Warning as woman ‘horrendously’ burnt after ‘hot water bottle leak’


As the weather gets colder, a woman has issued an urgent warning to people who use hot water bottles to keep themselves warm or help with pain. Helen Cowell had been using a hot water bottle to combat back pain when it perished and left her with “horrendous” burns to her legs and bottom.

Speaking to WalesOnline, Helen explained: “I put it on the side of my leg while I was laying on the couch and it perished in the middle and went all over me.”

The incident happened last April, after the 45-year-old from Brynamman used boiling water when filling up her hot water bottle.

“I can’t even explain the pain,” she continued, “I was just screaming. The skin was off the back of my legs and my bottom. It was horrendous. I will never forget it for the rest of my life. Most people will tell you that unless you boil the water you can’t feel the heat – no matter how many times the doctors tell you that you shouldn’t be using hot water.”
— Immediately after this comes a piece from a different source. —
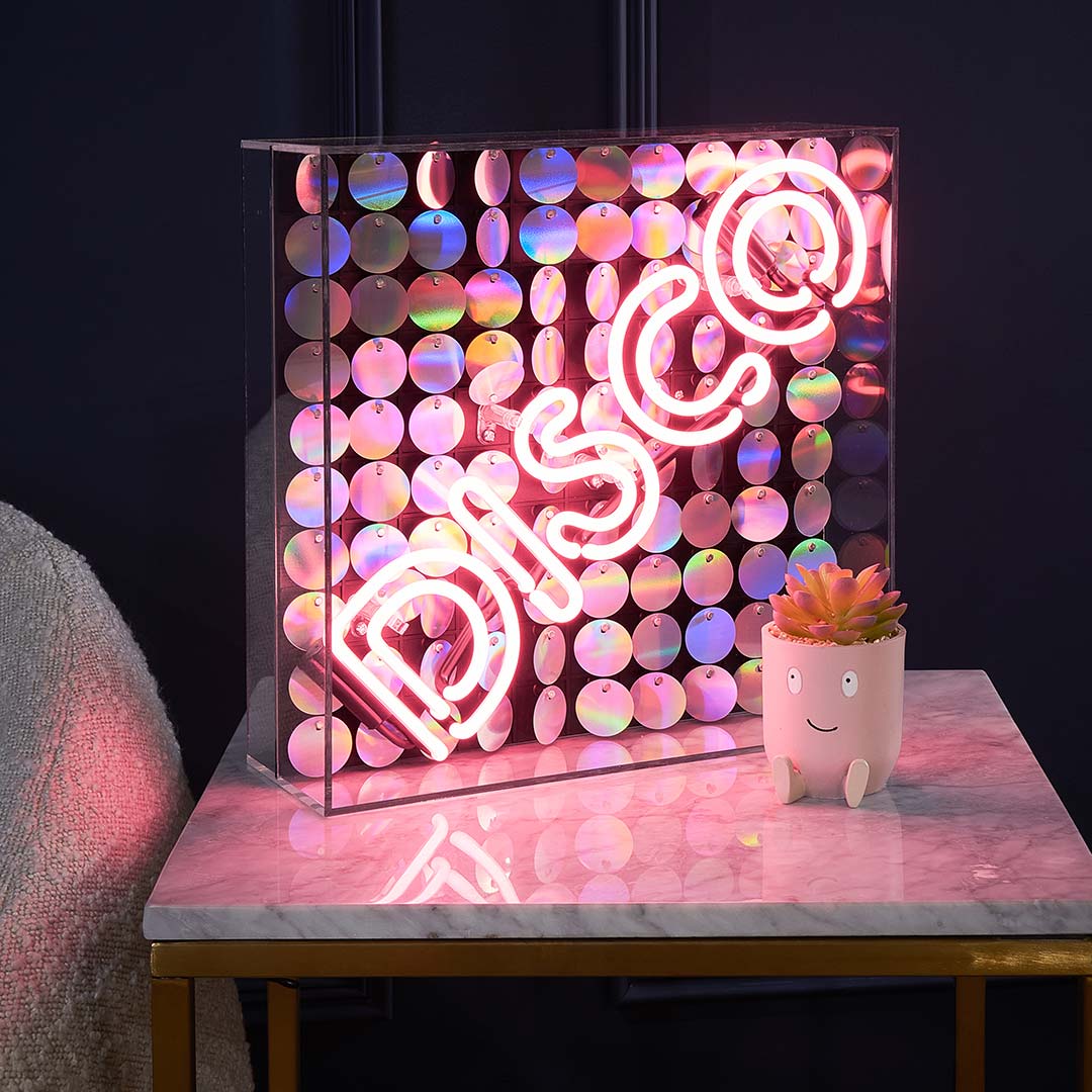 Enjoy how the iridescent sequin back catches the light and amplifies its ethereal effect. This disco neon sign is an absolute must-have if you're looking to spruce up your home or have a truly memorable gift for someone special. No decor is complete without this vibrant pink neon sign in it!

Helen’s daughter rushed her to Morriston Hospital, with Helen saying she was “face down, screaming all the way” there.

She said: “Everyone, in all fairness, just stepped aside and I went straight in. I just remember being in a room in the intensive care unit and don’t remember much else – just the pain.

“It’s not just a little burn, it’s horrendous. I couldn’t walk properly for a while, because of the nerve damage in my legs, and had to use a Zimmer frame. I’ve got severe scarring – all inside my legs, my buttocks and the back of my calves – and it may never go away. If I wear shorts it’s very visible. Horrible, crumpled, crusty and dry. That upsets me too, but it could have been my face.”

Helen says she has been left “traumatised” by the incident and is too scared to have a bath, opting for lukewarm showers instead. She added that she can’t drain vegetables that have been boiled or pour a kettle. “People don’t think about these things. The fear of a boiling kettle – I couldn’t drink coffee or a cup of tea for nearly three months because of the fear. That’s how it has affected me,” she said.

Helen, who said she would never use a hot water bottle again, wants others to follow the guidelines if they must use one. She said: “I was in a supermarket the other day and saw this little old lady buying one and I said, ‘Please don’t buy that. If you are going to use them, make sure you use warm water and not hot water.’ Then I showed her my scarring.

“The sad part of it was she said, I have to buy them because I can’t afford my heating.’ Which is so sad. Some people are sleeping with them and that gives me so much anxiety. They put them in their bed and cuddle up with them. It doesn’t matter how much air you bring out of them – I did it all properly – it will perish eventually.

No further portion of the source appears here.